*** Opening of EXERCISE MATERIAL ***
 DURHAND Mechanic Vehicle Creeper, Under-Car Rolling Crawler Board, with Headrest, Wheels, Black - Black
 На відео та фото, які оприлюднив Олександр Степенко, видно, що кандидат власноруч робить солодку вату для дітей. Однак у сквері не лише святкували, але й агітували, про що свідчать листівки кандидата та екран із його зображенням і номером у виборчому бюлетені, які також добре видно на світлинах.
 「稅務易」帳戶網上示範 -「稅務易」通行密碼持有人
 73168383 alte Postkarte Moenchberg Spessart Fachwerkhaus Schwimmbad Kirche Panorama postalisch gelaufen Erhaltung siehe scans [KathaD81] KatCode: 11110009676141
*** Close of EXERCISE MATERIAL ***
*** Opening of EXERCISE MATERIAL ***
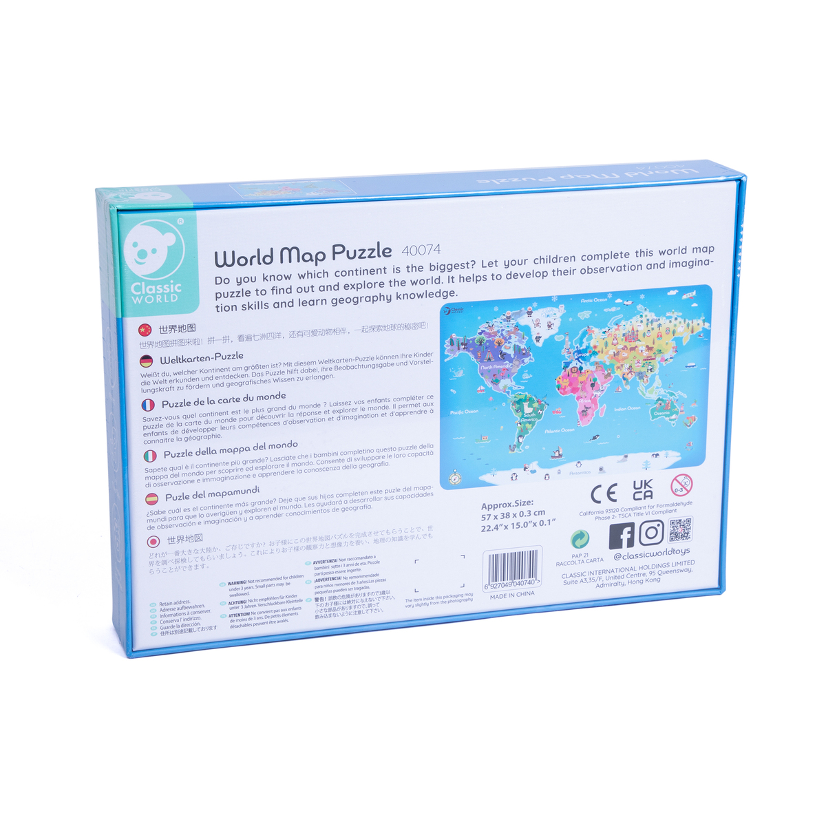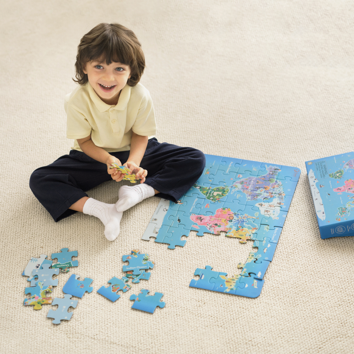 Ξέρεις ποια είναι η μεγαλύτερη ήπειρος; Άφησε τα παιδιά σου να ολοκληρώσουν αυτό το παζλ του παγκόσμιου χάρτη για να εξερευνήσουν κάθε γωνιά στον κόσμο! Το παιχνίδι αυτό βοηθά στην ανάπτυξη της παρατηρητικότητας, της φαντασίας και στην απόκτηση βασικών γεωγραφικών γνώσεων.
*** Close of EXERCISE MATERIAL ***
Reproduce exactly the lines of the records above from the one with "DURHAND Mechanic Vehicle" to the one with "73168383 alte Postkarte", both included, and leave out everything else.

— OUTPUT OF THE TASK —
 DURHAND Mechanic Vehicle Creeper, Under-Car Rolling Crawler Board, with Headrest, Wheels, Black - Black
 На відео та фото, які оприлюднив Олександр Степенко, видно, що кандидат власноруч робить солодку вату для дітей. Однак у сквері не лише святкували, але й агітували, про що свідчать листівки кандидата та екран із його зображенням і номером у виборчому бюлетені, які також добре видно на світлинах.
 「稅務易」帳戶網上示範 -「稅務易」通行密碼持有人
 73168383 alte Postkarte Moenchberg Spessart Fachwerkhaus Schwimmbad Kirche Panorama postalisch gelaufen Erhaltung siehe scans [KathaD81] KatCode: 11110009676141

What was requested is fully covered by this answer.